I think we’ll never see any large gains with our DAWs until somebody makes a better OS designed for audio.
Until then just get the cheapest RAM and fastest CPU and get a little boost every 2 years.

Unless you buy an AMD.
There seems to be an advantage using the fastest DRAM settings.
That’s with 8 Cores though, not their quads and only the recent 2000 series.

Go fast.


----------



## Mishabou

Hi all,

Sorry for the MIA, been swamped with gigs...

I wrote a few cues using a top of the line i9 (X-series) and dual Xeon (E5-2690 V4 @ 2.6 Ghz), both has 128 GB, 128 GB SSD for OS (Win 10) and 4 x 2 TB SSD for samples.

Personally, I don't care much about ''Benchmark test'' because I don't see the point of loading gazillions EQ, Comp, Reverbs, VIs and watch the meter. What's important is a rock solid/reliable rig that can cater to my workflow with plenty of room to spare.

After receiving the computers, I installed Windows 10, Pro tools ultimate 2018.7, Cubase 9.5, Live 10/Push 2 and all my libraries on each machine and wrote two similar cues.

The cues contain roughly 92 voices from VI instruments (Kontakt, Play, Omnisphere and Sylenth1), 70 audio tracks. I usually mix as I go and always work in 5.1 with 1080p24 video in prores 422 (output via AJA Kona card). By default, all my tracks have EQ/Comp and I'm using 6 reverbs for these cues.
I seldom record VO, live drums, horns etc as I compose so the rig has be able to handle it without bouncing tracks. The buffer was set at 128 on both machines. The cues was done on CB and PT.

The Xeon rig wins big time. It was much snappier, did not crash once, no buffer errors etc...real solid all around.

The i9 rig crashed a couple of times, buffer errors every 3 - 4 hrs, clicks and pops in audio once in a while, nowhere near as snappy.
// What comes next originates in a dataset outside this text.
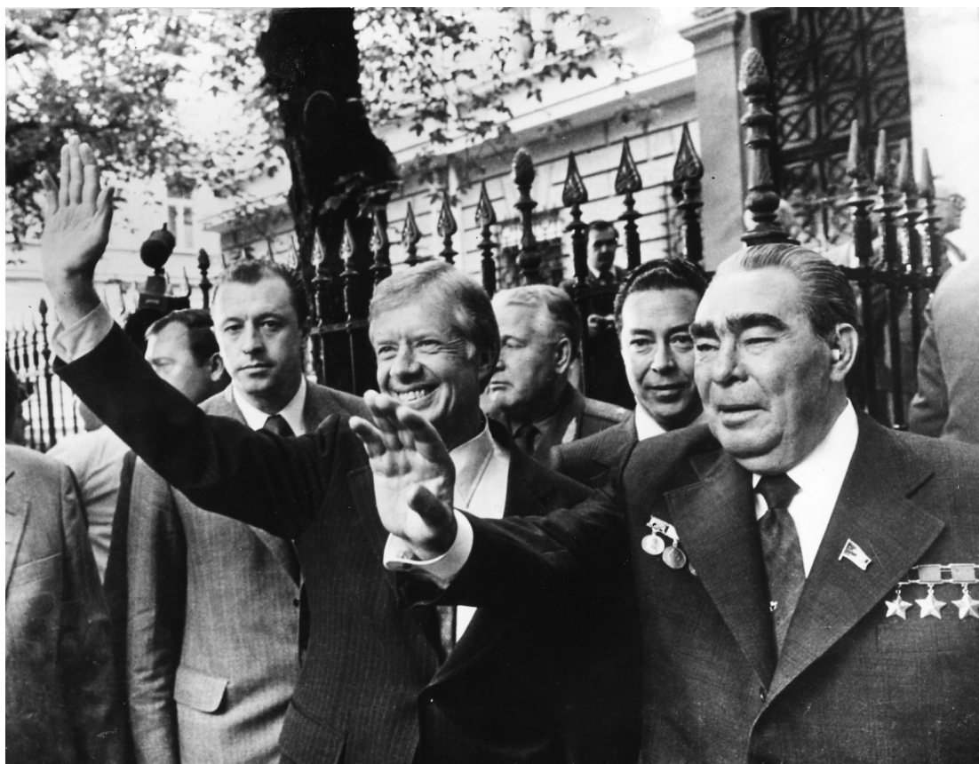
Leonid Bresjnev og Jimmy Carter vinker til Wiens borgere i forbindelse SALT II-forhandlingerne i 1979.

Det er en af redegørelsens svagheder, at analysen af den ultra-offensive sovjetiske krigsstrategi ikke udvikles, så det fremstår tydeligere, hvorfor krigsstrategien udgjorde en stærkt destabiliserende og spændingsskabende faktor i Vesten, også selvom der ikke eksisterede reelle sovjetiske intentioner om et uprovokeret angreb på Vesten. I den forbindelse ville det have været oplagt at inddrage amerikanske vurderinger af styrkeforholdet mellem øst og vest. Carter-administrationens tophemmelige opgørelse over det militære styrkeforhold fra april 1977 anslog, at udfaldet af en konventionel krig i Europa i høj grad afhang af, om en af parterne fik et mobiliseringsforspring. Hvis NATO mobiliserede for sent, vil-

Was hoping for a better outcome from the i9, I got basically the same result when I tested a top i7 vs dual Xeon a few years ago before buying my nMP.


----------



## Kony

Anhtu said:


> Actually profit margin is better on "consumer" grade i7/i9 chips than server class Xeon so they don't necessarily make more money by selling you a 10K machine vs 3K.
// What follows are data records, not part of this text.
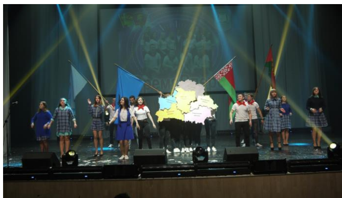
Областной форум студенческих талантов «Зимняя радуга – 2018»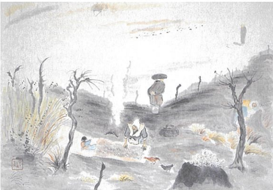
小川芋銭《沼》制作年不詳 全て富山県水墨美術館蔵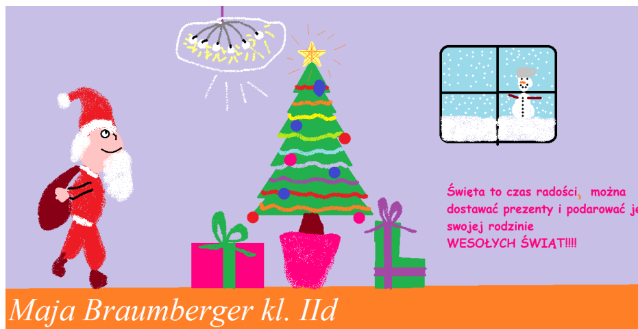
Maja Braumberger kl. IId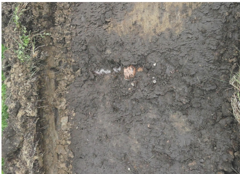
Figur 2. Äldre avloppsledning i Höganäskeramik.

De anläggningar som mätts in utgörs i huvudsak av sentida uppgrusningar och ledningsschakt. Öster om diponentsvillan påträffades en äldre avloppsledning av Höganäskeramik.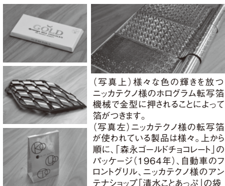
(写真上) 様々な色の輝きを放つ、ニッカテクノ様のホログラム転写箔。機械で金型に押されることによって箔がつきます。 (写真左) ニッカテクノ様の転写箔が使われている製品は様々。上から順に、「森永ゴールドチョコレート」のパッケージ(1964年)、自動車のフロントグリル、ニッカテクノ様のアンテナショップ「清水ことあつぷ」の袋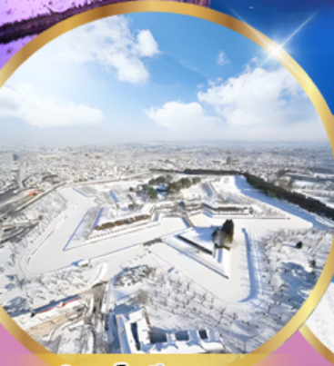
ป้อมโทเรียวคาคุ

Taking into account that commission revolves around total sales for a salesman, not the profit-margin of units sold - ie 10% commission on total monthly sales for example. It also helps the company in terms of total turnover.


----------



## chimuelo

Anhtu said:


> Hi all,
> 
> Sorry for the MIA, been swamped with gigs...
> 
> I wrote a few cues using a top of the line i9 (X-series) and dual Xeon (E5-2690 V4 @ 2.6 Ghz), both has 128 GB, 128 GB SSD for OS (Win 10) and 4 x 2 TB SSD for samples.
> 
> Personally, I don't care much about ''Benchmark test'' because I don't see the point of loading gazillions EQ, Comp, Reverbs, VIs and watch the meter. What's important is a rock solid/reliable rig that can cater to my workflow with plenty of room to spare.
> 
> After receiving the computers, I installed Windows 10, Pro tools ultimate 2018.7, Cubase 9.5, Live 10/Push 2 and all my libraries on each machine and wrote two similar cues.
> 
> The cues contain roughly 92 voices from VI instruments (Kontakt, Play, Omnisphere and Sylenth1), 70 audio tracks. I usually mix as I go and always work in 5.1 with 1080p24 video in prores 422 (output via AJA Kona card). By default, all my tracks have EQ/Comp and I'm using 6 reverbs for these cues.
> I seldom record VO, live drums, horns etc as I compose so the rig has be able to handle it without bouncing tracks. The buffer was set at 128 on both machines. The cues was done on CB and PT.
> 
> The Xeon rig wins big time. It was much snappier, did not crash once, no buffer errors etc...real solid all around.
> 
> The i9 rig crashed a couple of times, buffer errors every 3 - 4 hrs, clicks and pops in audio once in a while, nowhere near as snappy.
> 
> Was hoping for a better outcome from the i9, I got basically the same result when I tested a top i7 vs dual Xeon a few years ago before buying my nMP.




Interesting results.
Are you using ECC and the 6000 Series Chipsets?
Xeons themselves are just higher binned parts, but the Chipsets have a more focused feature set and always allow Double the RAM.


----------



## Mishabou

Kony said:


> Taking into account that commission revolves around total sales for a salesman, not the profit-margin of units sold - ie 10% commission on total monthly sales for example. It also helps the company in terms of total turnover.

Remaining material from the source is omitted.